→ **THE TASK**:
The listing below should be written out word for word, with its pictures removed.

(Beginning of STORED DATA)

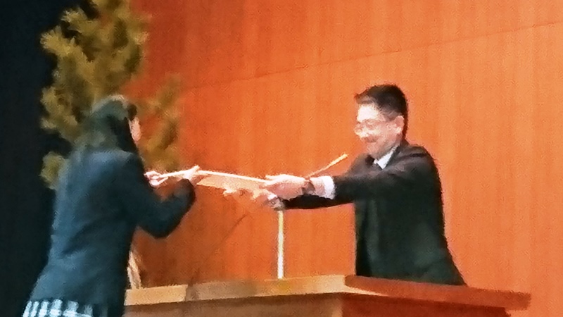 何事もやってみないと可能性はゼロです。「やったらできる。やらなできん!」夢をおってください。自らの可能性に チャレンジし続けてください。自分自身を大切にし、毎日の努力を積み重ねれば、必ず展望は開けます。」とお伝えしました。
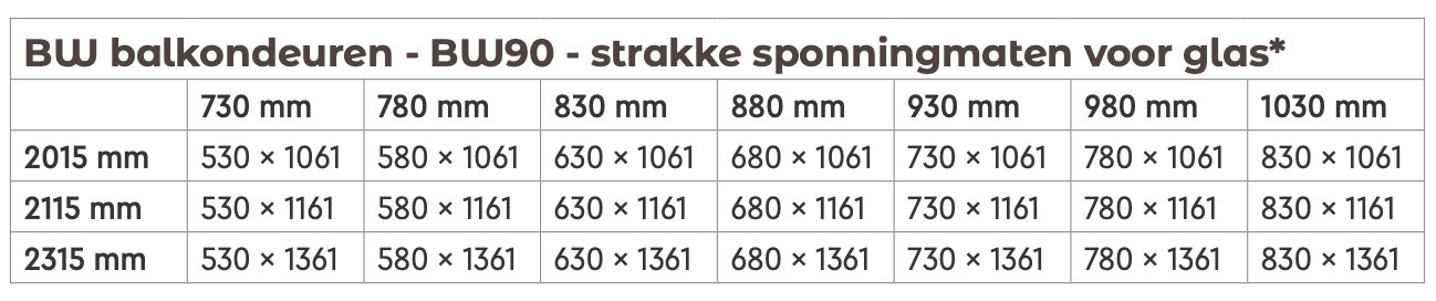 - Exclusief glas: Dient bij een glashandelaar besteld te worden.
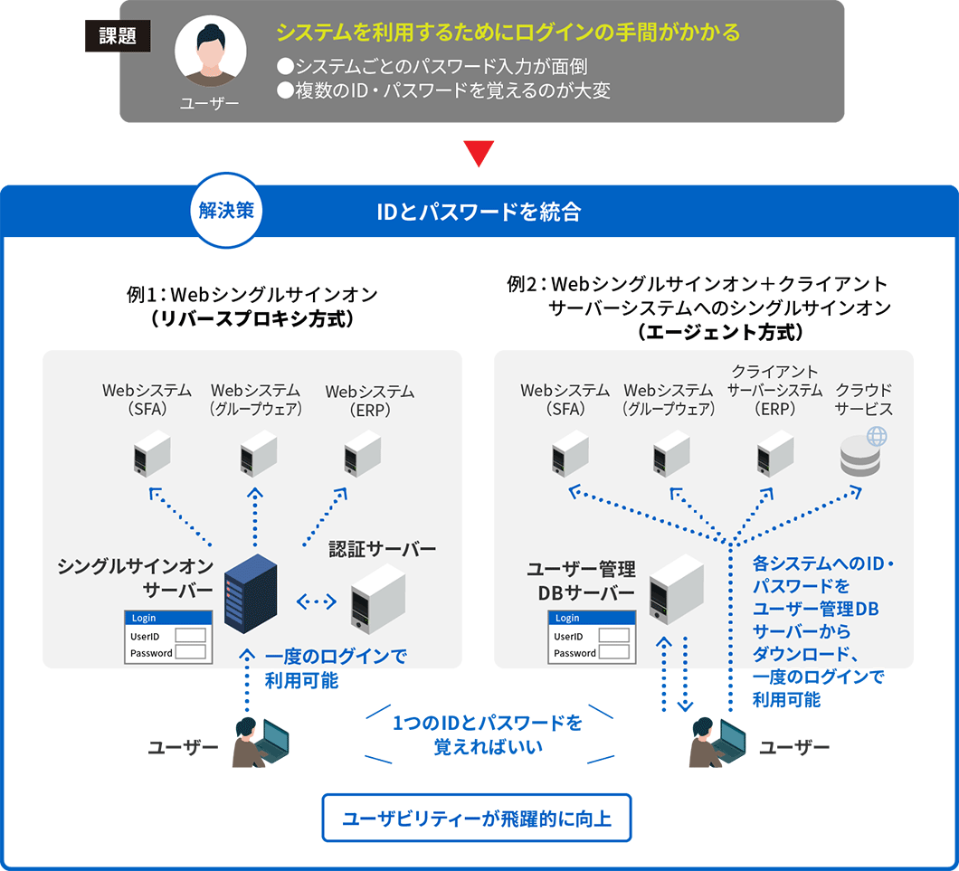 シングルサインオンソリューションではシステムごとに異なるID・パスワードを一つに統合。一度のログインで許可されたシステムすべてを利用でき、ユーザビリティも飛躍的に向上します。パスワードの管理も容易になり、再発行業務の低減にも役立ちます。
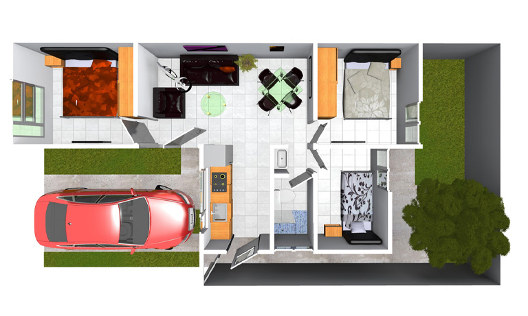 47 m2. Terreno de 6 x 15 m. Casa de block. Losas de cimentación. Losas de azotea de vigueta y bovedilla. Impermeabilización. Barda divisoria de 1.20 m.

(End of STORED DATA)

→ **PROBLEM SOLUTION**:
 何事もやってみないと可能性はゼロです。「やったらできる。やらなできん!」夢をおってください。自らの可能性に チャレンジし続けてください。自分自身を大切にし、毎日の努力を積み重ねれば、必ず展望は開けます。」とお伝えしました。
 - Exclusief glas: Dient bij een glashandelaar besteld te worden.
 シングルサインオンソリューションではシステムごとに異なるID・パスワードを一つに統合。一度のログインで許可されたシステムすべてを利用でき、ユーザビリティも飛躍的に向上します。パスワードの管理も容易になり、再発行業務の低減にも役立ちます。
 47 m2. Terreno de 6 x 15 m. Casa de block. Losas de cimentación. Losas de azotea de vigueta y bovedilla. Impermeabilización. Barda divisoria de 1.20 m.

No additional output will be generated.